This is the second installment of our book reviews of LGBT books that we have in our collection at St George’s.
Every February we celebrate LGBT History Month! It is about celebrating the richness of queer people’s contributions to society, to make LGBT+ people visible in all their diversity and to educate out prejudice.
At St George’s we have a growing Reading for Pleasure collection and as part of that we have been expanding our range of LGBT titles. You can browse the whole collection on our Wakelet.

Orlando – Virginia Woolf
Liz (Diversity and Inclusion Adviser)
Virginia Woolf’s Orlando, written in 1928, is a progressive, fun and vibrant novel that plays with gender and identity but carries an underlying important questioning of the restrictive nature of gender placed on individuals by society. This novel is very ahead of its time, like much of Woolf’s other works. It challenges the status quo, making it as important a comment on gender today, as it was when it was first published.
Orlando is a beautifully written book with vivid and rich descriptions of societies and landscapes and tales of love and passion spanning over 300 years. Orlando is a love story, arguably based on Vita Sackville-West, Woolf’s close friend and lover. Woolf uses the novel to explore this relationship free of the boundaries of society, exploring sexuality and gender that is fluid.
Woolf creates Orlando as a playful, intense and humorous character through which she is able to explore, critique and question the role of gender in society and how this has changed over time. Woolf considered Orlando to be a “holiday” or “joke”, suggesting it is less serious and intellectual than her other works. Despite this, the novel has a serious and interrogative undertone which makes for interesting reading.
In Orlando, gender is fluid. For the protagonist, Orlando, gender changes as the novel moves through time. Half way through the novel Orlando changes from man to woman. This is not remarkable for Orlando or for Woolf, but entirely plausible. Woolf writes
‘Orlando had become a woman – there is no denying it. But in every other respect, Orlando remained precisely as he had been. The change of sex, though it altered their future, did nothing whatever to alter their identity’
In this, Woolf argues that gender is merely costume and expression, and is interchangeable. Orlando has autonomy over their identity, and this remains separate from the sex and gender.
Woolf highlights the complex relationship between gender and identity and how this is impacted by societal expectations and norms. Orlando pushes boundaries and questions why our roles and identities are so shaped and prescribed by our sex. Orlando is able to break free of this, exploring different roles and learning the penalties and privileges of each of these. Gender is performative and fluctuating, demonstrating a wonderful freedom. As the novel progresses Woolf explores a hopeful and changed world for women.

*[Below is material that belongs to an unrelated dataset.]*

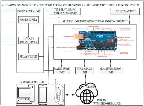 The low-cost autonomous sensor interface for the design of smart irrigation system architecture consists of the input and output processes, as illustrated in Figure 1. The entire system operation is controlled by the Arduino Uno board, which is programmed on the behavior of other system components [24]. The system consists of the following eight units: Power supply; water pump; WiFi module; soil moisture sensor; Arduino board; temperature, pH, and humidity sensors; user interface; and a 16 × 2 liquid crystal display (LCD) unit. The combination of these components makes the integration of the system easier to debug and provides optimal performance. The sensor values are uploaded on the Internet at 5-min intervals. The power supply unit provides a continuous supply of electricity to the smart irrigation system; it utilizes a 12 V transformer and a relay circuit. The system uses a generic AC 220 V to 12 V DC step down power supply module for Arduino generic PCs to power the board and the water Pump. A 12 V relay circuit is used to regulate and control the water pump. The board can be supplied with power, either from the DC power jack (7–12 V), the USB connector (5 V), or the VIN pin of the board (7–12 V). The power output is supplied to the Arduino board and the water pumping unit. The water pumping unit provides a mechanism by which adequate water in due proportion is supplied to the plants. This mechanism is programmed, controlled, and monitored by the Arduino Uno board. The Arduino board unit is the main monitoring and control unit. The Arduino Uno is a microcontroller board based on the ATmega328. It has 14 digital input/output pins, 6 analog inputs, a 16-MHz ceramic resonator, and a universal serial board. This unit is programmed using embedded C language to provide the necessary control signals to manage the entire irrigation system. The moisture sensor unit is responsible for measuring the soil moisture content of the water level of the soil, using the sensor uses capacitance to measure the water content of the soil. This is essential in smart agricultural practices, as it helps farmers monitor and control the smart irrigation system. In practice, this sensor, which is flexible and configurable, is inserted into the irrigation farmland i.e., soil to be examined and the volumetric water content of the soil is reported in percentage. The user interface unit provides a convenient interface to access and programme the sensors. The system users have the ability to interact with the system, using desktop, laptop, and smartphone devices. The LCD unit is a medium through which the microcontroller communicates with the user. The LCD unit is used to display sensed data readings from the sensors. The WiFi module unit is a self-contained system-on-chip (SoC) device with an integrated transmission control protocol/internet protocol (TCP/IP) stack, that provides access to a WiFi network. It has the capability of hosting an application or offloading all WiFi networking functions from another application processor. The module is a wireless local area network (WLAN) module with devices, based on IEEE standards. Furthermore, WiFi-compatible devices can connect to the Internet via a WLAN and wireless access point [25,26].

Orlando is a hugely progressive and daring novel; it is widely viewed as the first trans novel. It is fast-paced and immensely enjoyable to read. Whilst it was published 1928 it still feels relevant and challenging today. Woolf asks important and brave questions of her reader through a charming and playful love story I’d recommend everyone to read.

The Night Watch – Sarah Waters
Anne (Liaison Support Librarian)
Sarah Waters is a contemporary novelist known for weaving together themes of gender, sexuality and identity with characters that live on the margins of their respective societies. Night Watch (2006) is no exception to this. As readers we follow four characters through London before, during and after WWII. The author expertly plays with time and chronology, slowing revealing secrets and hidden traumas. At first, I found it difficult to engage with the characters and due to the chronology of the novel it is not fast-paced. However, some scenes stood out as highlights to me. Without wanting to give too much away, all I can say is that the characters’ personal development connects in imaginative, sometimes horrifying, ways to wartime events and post-wartime malaise. The female characters struggle to readjust to the more stereotypical gender roles they are expected to fall back into after the war. The sexual freedom they experienced during the war has receded and turned some characters’ romances into flat routine in which they seemed trapped. Their sexuality and the consequences thereof are something all four protagonists struggle with, either because of social stigma or personal shame and often because of a combination of both. Waters’ language does justice to the dramatic, (in)tense scenes as well as the more mundane, everyday elements of people’s lives and I always enjoy a good description.
While I am not painting a very rosy picture of The Night Watch, and it definitely is a dark novel at times, I enjoyed reading it. As always, I really liked Sarah Waters’ gender-bending, sexually adventurous and at times confused protagonists as they navigate their historical contexts.